In the year 1988, ambulanceman Jeff Barr saved the life of his wife’s uncle the first time he had to use his new paramedic skills.

Their ambulance had raced through Greenodd as heart attack victim Mr Harry Millburn’s condition worsened.

In Dalton, Jeff was already monitoring the situation with a defibrillator and thanks to the swift electric shocks he was able to revive Harry.

A fortnight later, Harry was back at home and on the road to recovery in Cherry Garth in Coniston.

Without the paramedic skills which Jeff and his colleague Dave Chorlton had used, the situation could not been resolved.

At the time it was not uncommon for an ambulance to take hours in order to take a patient to Furness General, which was why skills such as those were taught as often as possible.

Furthermore, it was very difficult at the time to keep the blood flow stable while in the back of a moving ambulance.

It was skills like this the service wished for as many people as possible to know.

In 1997, bosses at Cumbria’s emergency services recognised the necessity of beginning treatment as soon as possible.

This triggered the start of a pilot scheme which offered initial medical advice and category calls which could assist before the ambulance arrived.

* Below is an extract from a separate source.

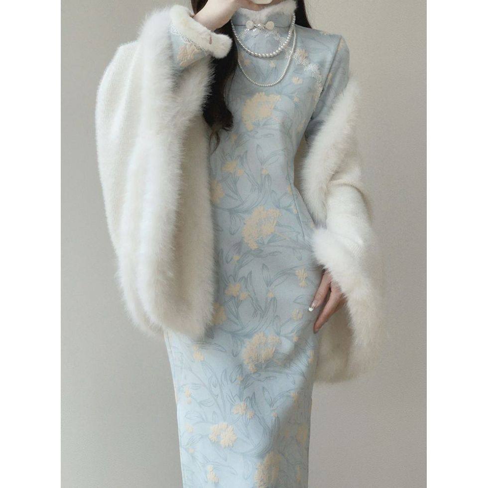 新中式奥黛旗袍冬季加绒加厚年轻款少女长款连衣裙收腰显瘦11/19

Paramedics would then be passed pre-arrival details about the situation which would assist and resolve the incidents.

Alan Dockersely, chief executive of the service, said: “The concept behind this criteria-based dispatch system is to save lives that can be saved.”

Category A calls would be life-threatening and include all children under the age of 12.

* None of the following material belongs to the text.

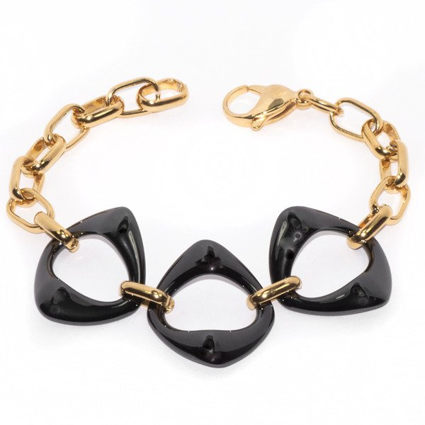 Bransoletka Czarna Ceramika Złota Stal Szlachetna

They could expect an ambulance to arrive within eight minutes but 90 per cent of the time it would be shorter.

All other calls would be categorised as B, which meant ambulances would reach a patient in 19 minutes or less.

This would occur 95 per cent of the time.

Mr Dockersely said: “If someone stops breathing, we can tell the caller to turn them into the appropriate position and pinch their nose, giving them immediate life-saving treatment.

“There are clinical benefits to the patient and psychological benefits to the caller because they are doing something useful.”